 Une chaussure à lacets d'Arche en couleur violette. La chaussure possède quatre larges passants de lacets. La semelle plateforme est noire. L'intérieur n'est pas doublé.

* * *

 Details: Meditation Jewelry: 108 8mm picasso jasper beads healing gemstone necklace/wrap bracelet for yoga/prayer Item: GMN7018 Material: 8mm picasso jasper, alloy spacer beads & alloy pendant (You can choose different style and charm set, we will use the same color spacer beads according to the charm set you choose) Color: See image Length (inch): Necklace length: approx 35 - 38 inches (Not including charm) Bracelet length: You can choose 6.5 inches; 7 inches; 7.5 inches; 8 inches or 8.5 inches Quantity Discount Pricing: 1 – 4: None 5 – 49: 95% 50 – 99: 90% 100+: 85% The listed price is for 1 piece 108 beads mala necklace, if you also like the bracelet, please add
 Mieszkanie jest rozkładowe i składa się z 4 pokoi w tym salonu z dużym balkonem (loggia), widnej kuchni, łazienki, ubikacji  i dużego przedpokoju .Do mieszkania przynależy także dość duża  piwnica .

Work to be completed ::
Only the lines above starting at the line that holds "Details: Meditation Jewelry: 108" and ending at the line that holds "Mieszkanie jest rozkładowe" are to be repeated, exactly and in full.

Response to the task ::
 Details: Meditation Jewelry: 108 8mm picasso jasper beads healing gemstone necklace/wrap bracelet for yoga/prayer Item: GMN7018 Material: 8mm picasso jasper, alloy spacer beads & alloy pendant (You can choose different style and charm set, we will use the same color spacer beads according to the charm set you choose) Color: See image Length (inch): Necklace length: approx 35 - 38 inches (Not including charm) Bracelet length: You can choose 6.5 inches; 7 inches; 7.5 inches; 8 inches or 8.5 inches Quantity Discount Pricing: 1 – 4: None 5 – 49: 95% 50 – 99: 90% 100+: 85% The listed price is for 1 piece 108 beads mala necklace, if you also like the bracelet, please add
 Mieszkanie jest rozkładowe i składa się z 4 pokoi w tym salonu z dużym balkonem (loggia), widnej kuchni, łazienki, ubikacji  i dużego przedpokoju .Do mieszkania przynależy także dość duża  piwnica .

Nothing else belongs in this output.